The Olin College robot had twelve control axis, with twelve high power motor amplifiers, twelve encoder channels and twelve potentiometer interfaces. The system required a variety of other interfaces to switches, strain gauges, accelerometers, gyroscopes and other sensors. Commercially available hardware lacked the necessary safety features, channel density, and throughput. Using PC/104 boards would need half a dozen boards and still require custom external circuitry.

Bolton Engineering implemented a low-latency Firewire based system that allowed a tethered computer to control the robot with a 2KHz update rate with less than 250uS latency, more than sufficient to intricately model and control balance and movement. The system was implemented as a multi-board set.

Power Control Board

The original robot design was difficult to power-up and debug. The large number of motors and amplifiers presented essentially a short-circuit to the high power 48V system power supply. Bolton Engineering Inc implemented two eight-channel power sequencing cards to limit system inrush current and to act as circuit breakers in the event of catastrophic system failures. Each motor amplifier had its own sequencer and current-limiting circuitry. Having these boards greatly simplified the system wiring and made the system much more stable during subsequent development.

Firewire, Analog and Digital I/O Card

The Robot required two Analog and Digital I/O cards to control all axis. Each card included six motor amplifier D/A converters and interfaces, six motor encoder interfaces, twenty-four general-purpose configurable instrumentation amplifier analog interfaces and A/D converters, and twenty-four general purpose digital inputs. All I/O incorporated ESD and EMI protection.

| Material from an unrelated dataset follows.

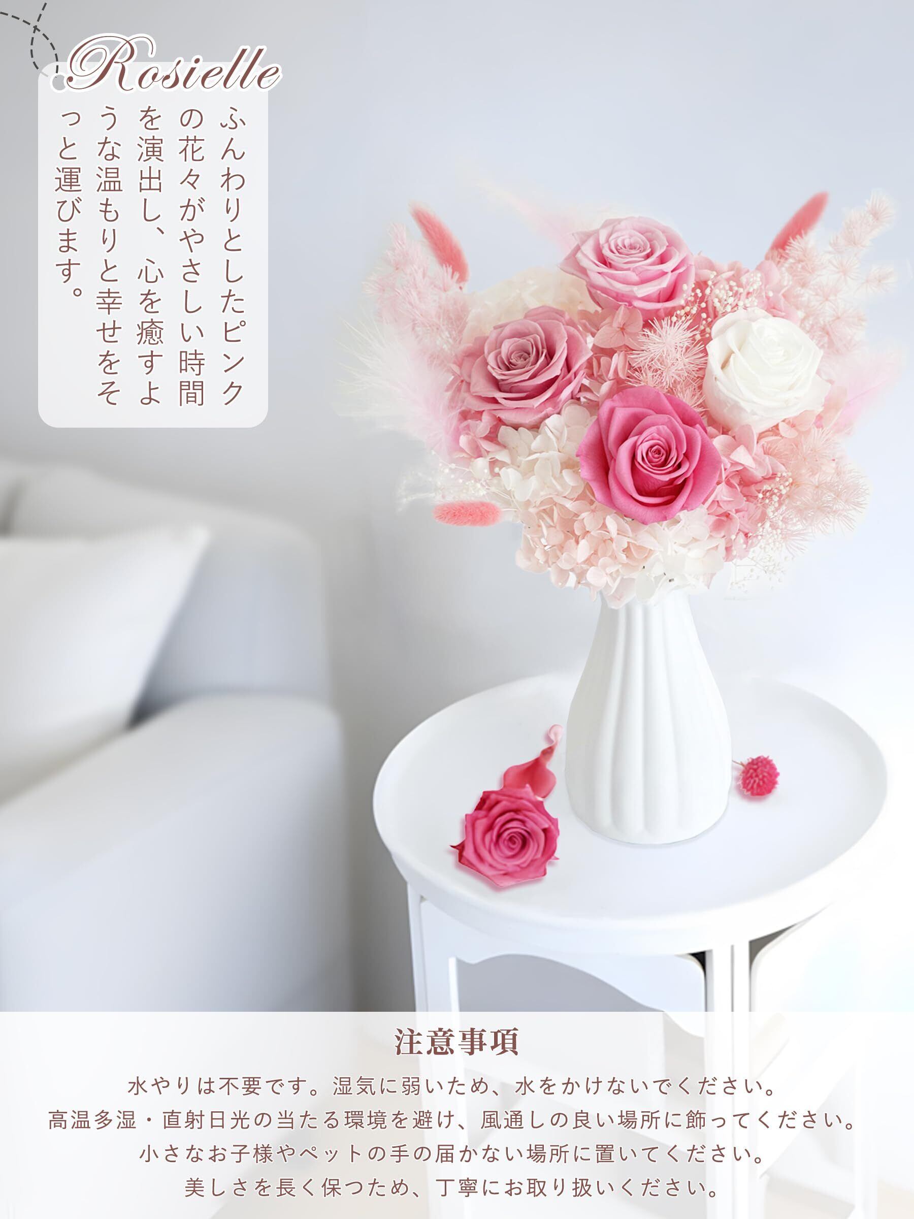 【花粉なし・水やり不要・お手入れ簡単】花粉が出ないためアレルギーの心配がなく、ペットがいるご家庭でも安心して飾れます。水やり不要で手間もかかりません。※プリザーブドフラワーは非常に繊細なため、花びらに強い力を加えないようご注意ください。また、湿気の多い場所や直射日光、高温多湿を避けて保管することで、より美しい状態を長くお楽しみいただけます。

The Firewire link was controlled using an 8031 processor. A Texas Instruments (TI) Link Controller and PHY chip implemented the Firewire interface. An Intel/Altera Cyclone FPGA implemented the many on-board registers, a high speed link to the Firewire controller, the motor encoder interfaces, and a variety of safety features. A Firewire pass-through port was implemented so that the Firewire connection could be daisy-chained and only one Firewire cable needed to be run between the Robot and the control PC.

Project Scope

Bolton Engineering designed all schematics, the circuit boards, wrote and simulated all hardware in Intel/Altera Cyclone FPGAs, wrote all documentation, constructed the boards, wrote the embedded Firewire software in ‘C’ and Linux Firewire driver code.

Bi-Pedal Research Robot

Professor Gill Pratt at Franklin W. Olin College of Engineering hired Bolton Engineering, Inc. to develop a custom high-speed, low-latency interface between his multi-axis bi-pedal robot, and a control computer. Bolton Engineering constructed three boards to replace student-designed boards that had proven to be noisy and unreliable.